However Fausch lost his players. Several former Giants announced they would play for the local Knights of Columbus squad instead. Menz Lindsey then re-formed the Ex-Collegians and named Herb Henderson the team's coach. Lindsey's club then secured the financial backing of the Evansville Baseball Fans' Association. Johnny Nee, manager of the Evanston Evas, became the team's business manager. The team was dubbed the Fans' Association team.

Fausch attended the APFA's meeting in Columbus, Ohio, and posted a $1,000 bond to secure his claim to the franchise. It was at this meeting that Chicago Bears owner George Halas suggested that the APFA be renamed the NFL. The Crimson Giants' membership in the NFL meant that the Fans' Association team could not play league teams. Thus, they would be forced to play teams that were considered second-rate opponents. However, the Fans' Association team had secured an exclusive lease to Bosse Field for the entire football season, leaving the Crimson Giants with no park for the 1922 season. The Fans' Association team also signed many key players from the 1921 Crimson Giants team. Around this time, Johnny Nee renamed the Fans' Association team the Evansville Pros and attempted to schedule games against the Hammond Pros, Dayton Triangles, and the Louisville Brecks. However, a letter from NFL president Joseph Carr stated that Nee's Evansville Pros were not members of the NFL and NFL league clubs would only be allowed to play Fausch's Crimson Giants.

====1922 season====
The Crimson Giants played their first three games of the season on the road.

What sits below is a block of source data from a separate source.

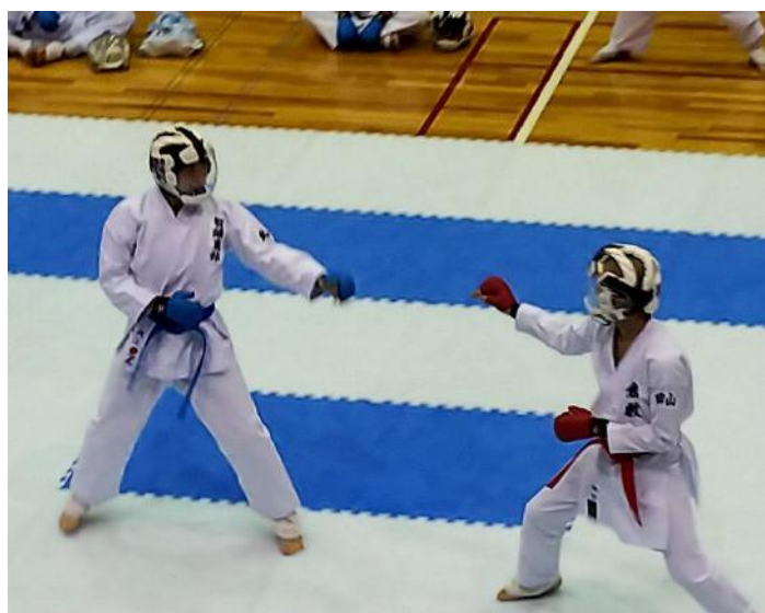
↑ 試合の様子(左が本校生徒)

1月18日(金)に中国高等学校空手道選抜大会が広島県立体育館で行われ、空手同好会に所属する生活環境科1年生の生徒が出場し、岡山代表の相手に大健闘しました。出場した生徒は「この経験を活かして春の大会に向けて練習に励んでいきます！」と決意しています。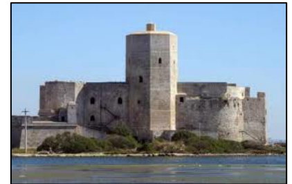
La Colombaia - Trapani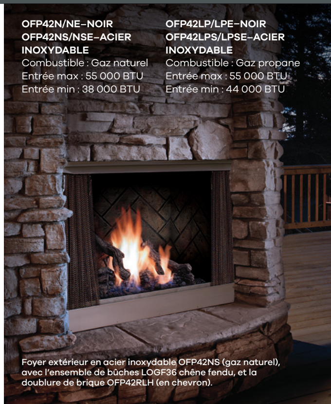
Foyer extérieur en acier inoxydable OFP42NS (gaz naturel), avec l'ensemble de bûches LOGF36 chêne fendu, et la doublure de brique OFP42RLH (en chevron).

Combustible : Gaz propane Entrée max : 55 000 BTU Entrée min : 44 000 BTU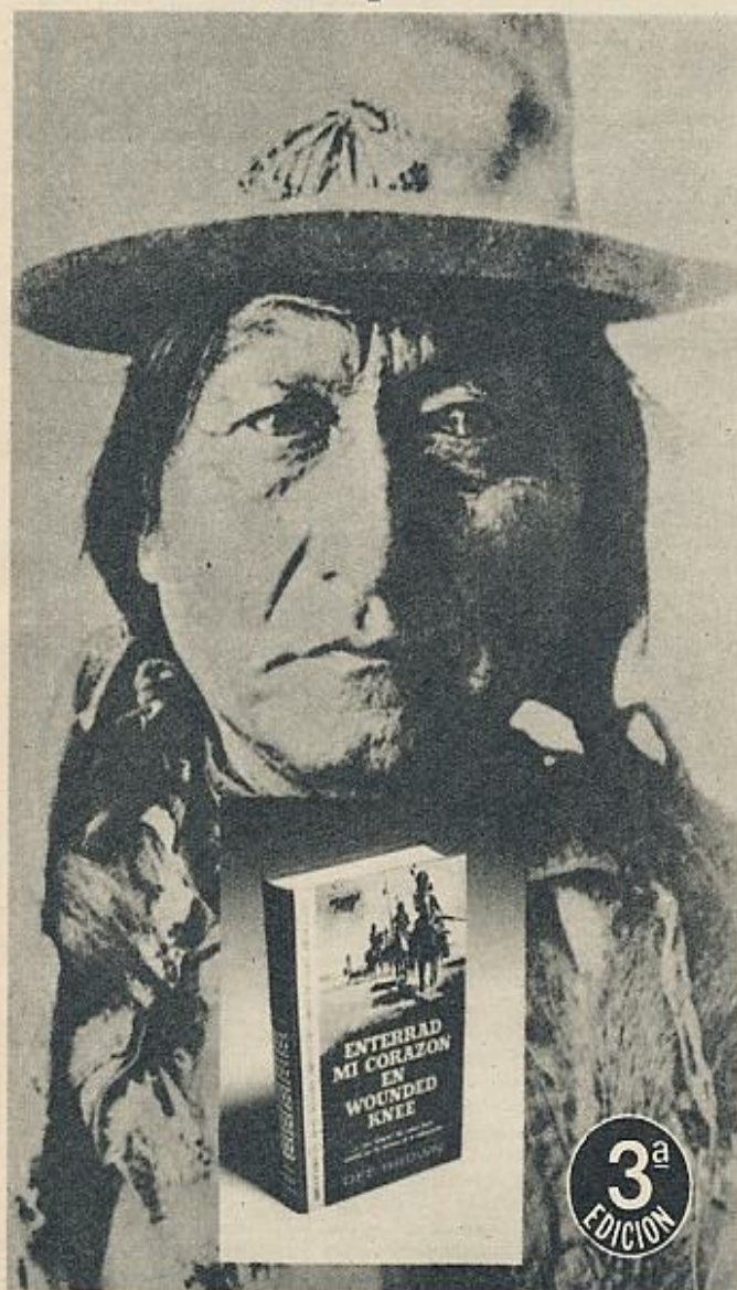
Foto real de SITTING-BULL (Toro Sentado) asesinado el 15 de Diciembre de 1890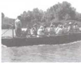
Csónakhíra a Tisza-tavon Tiszaörsönvébe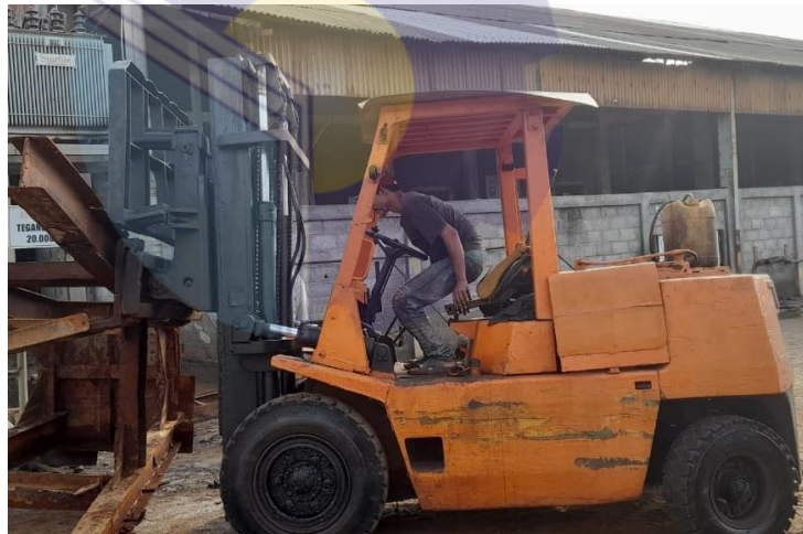
Gambar 1.13 Forklif

Forklif di JMI ada 5 buah dengan kapasitas 3 ton-5ton, dimana alat forklift ini juga sangat penting untuk memindahkan barang dari suatu tempat ketempat lain.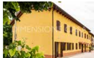
Rif 2885 - SAN POSSIDONIO VILLA DI TESTA MQ 175 EURO 240.000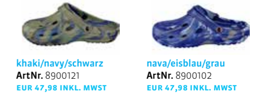
khaki/navy/schwarz ArtNr. 8900121 EUR 47,98 INKL. MWST nava/eisblau/grau ArtNr. 8900102 EUR 47,98 INKL. MWST

Fausch, in the meantime, had hoped that the Evansville Pros would fold in October, so that he could regain the rights to Bosse Field. The Pros folded after witnessing poor attendance and an 0–1–1 record. As a result, Fausch entered into negotiations with Nee over the sale of the lease for Bosse Field. However, the negotiations between the two clubs broke down and the Crimson Giants cancelled their remaining home games. The team only played three games in 1922, all on the road. The Crimson Giants lost all three of those games, to the Toledo Maroons, Rock Island Independents and Louisville Brecks.

The wins by the Brecks and Maroons became the first in Louisville and Toledo franchise history. Meanwhile, the Rock Island Independents became only the second team with two 100-yard rushers in their 60–0 win over Evansville. Jimmy Conzelman ran for five touchdowns during that game, setting an NFL record that remained in place until 1929, when Ernie Nevers scored 40 points alone against the Chicago Bears. The Independents also became the first NFL team to rush for 300 yards in that Evansville game, with 66 carries for 396 yards. The Crimson Giants had the ball for only 26 plays, and seven of those were punts.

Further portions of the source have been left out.